**Recorded information:**
_ _ _ _ _ _ _
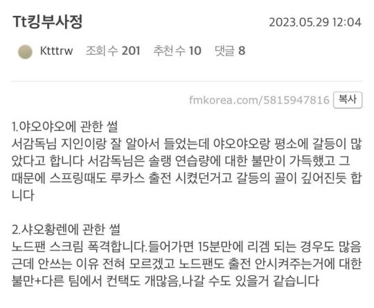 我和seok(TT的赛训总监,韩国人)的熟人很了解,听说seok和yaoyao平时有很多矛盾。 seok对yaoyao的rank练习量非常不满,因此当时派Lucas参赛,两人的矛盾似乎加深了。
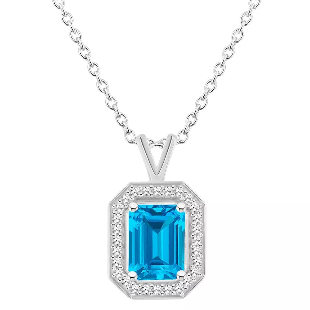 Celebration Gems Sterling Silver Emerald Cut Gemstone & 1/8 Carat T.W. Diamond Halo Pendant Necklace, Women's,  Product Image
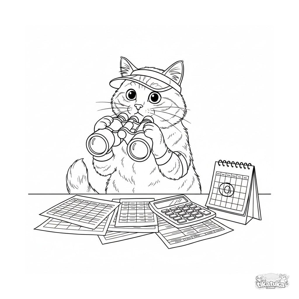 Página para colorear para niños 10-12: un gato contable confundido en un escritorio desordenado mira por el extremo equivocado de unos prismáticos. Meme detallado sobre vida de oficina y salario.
_ _ _ _ _ _ _
**Exercise description:** Without any pictures, reproduce the lines from the first one in the material through the line that has "Celebration Gems Sterling", exactly as they appear.

**Response area:**
 我和seok(TT的赛训总监,韩国人)的熟人很了解,听说seok和yaoyao平时有很多矛盾。 seok对yaoyao的rank练习量非常不满,因此当时派Lucas参赛,两人的矛盾似乎加深了。
 Celebration Gems Sterling Silver Emerald Cut Gemstone & 1/8 Carat T.W. Diamond Halo Pendant Necklace, Women's,  Product Image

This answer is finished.